Randolph, who grew up in Missouri and now works in mergers and acquisitions in Ernst & Young Global’s downtown L.A. office, was stationed at Tallil Airbase near Nasiriyah, southeast of Baghdad. During his 12-month deployment, he had his share of close calls and endured daily helicopter and fighter jet noise.
This daily pressure and the ever-present prospect of sudden death focused his mind.
“It did two things,” he said. “It taught me how to focus like a laser on the mission at hand. But it also forced me to change how I look at life: Instead of letting things come to me, as I had before, I realized I had to be more ambitious about what I wanted to get out of life.”

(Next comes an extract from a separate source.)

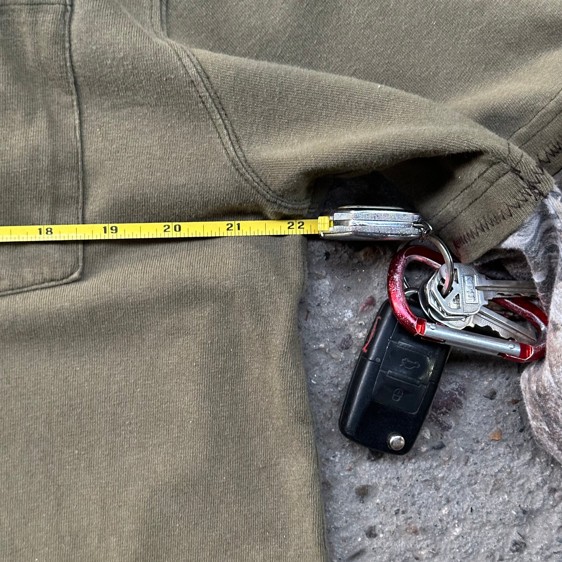 Vintage Carhartt base reworked with camo green sleeves, zigzag seam embroidery, and adjusted into a sharp boxy fit. Unique one-off custom piece.
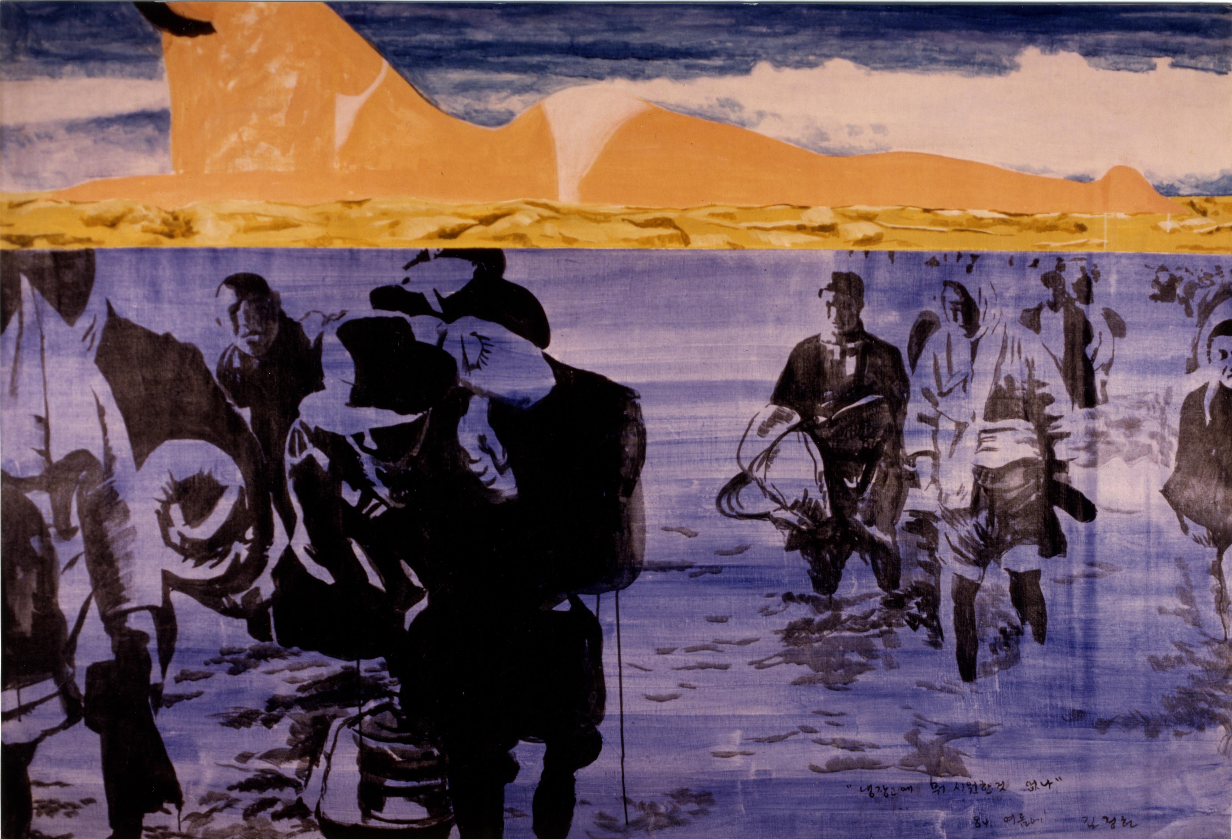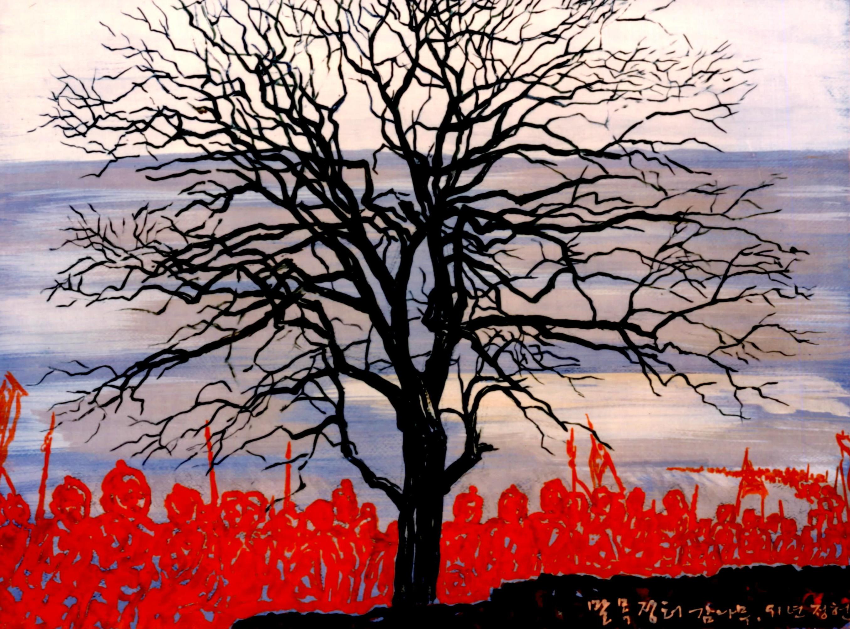 부동산 자본으로서의 토지가 아닌, 생명을 일궈내는 농촌의 땅 위에서 소박한 삶을 이어가는 민중에 대한 김정헌의 관심은 동학농민운동으로도 이어져 다수의 작품에서 관련한 요소들을 자주 등장시켰음을 발견할 수 있다. 봉기의 시작점이었던 정읍 말목장터의 나무, 전봉준과 농민들의 형상, 특히 최대 격전지였던 공주 우금치에 위치한 기념비는 직접 여러 번 현장을 답사하며 남긴 사진과 드로잉 자료가 확인되어 동학농민운동을 깊이 탐구하며 당시의 시대상을 현재의 세태와 겹쳐 투과하듯 바라보고 있었음을 짐작할 수 있다.

So, when Randolph, 33, completed his deployment and returned home to Missouri, he accelerated his plans to embark on a career in accounting and finance. He attended the University of Missouri, and as graduation approached, he got more aggressive about going after accounting and finance jobs, landing a position in Ernst & Young’s St. Louis office.
Three years ago, Randolph transferred to Los Angeles so that he could indulge his growing hobby for mountaineering and other outdoor activities. His next mission: climbing Mount Whitney in the fall.
New Tech Beachhead
Cameron Kashani is the self-professed Godmother of Silicon Beach.
For years, she supported the growth of local tech startups as co-founder of Santa Monica’s Coloft, a co-working space. By hosting networking events, hackathons, and providing office services to startup tenants, Kashani has become deeply ingrained in the local tech startup economy.
Now, she’s ingraining herself in a new tech scene – in the Middle East.
As part of the U.S. State Department’s Speaker Program, a diplomatic outreach program that sends American speakers abroad to talk about topics ranging from the arts to business, Kashani has started sharing her knowledge with female entrepreneurs in Kuwait and Bahrain.
“I’m a guest of the ambassador of the embassy with full VIP status,” said Kashani, 34. “I met with anybody from entrepreneurs that need some encouragement, parliament to ministers. I help spread the message of peace in the form of entrepreneurship.”
Kashani aims to take that message to all residents of the Middle East, but finds particular pride in helping female entrepreneurs develop their businesses.
“I think women don’t realize how powerful they are,” she said.
Ultimately, Kashani said her travels to the Middle East have reshaped how she sees the region and its people.
“The Middle East is not scary at all,” she said. “I was blown away by the beauty of these people and their commitment to each other, and the incredible pride they have in their country.”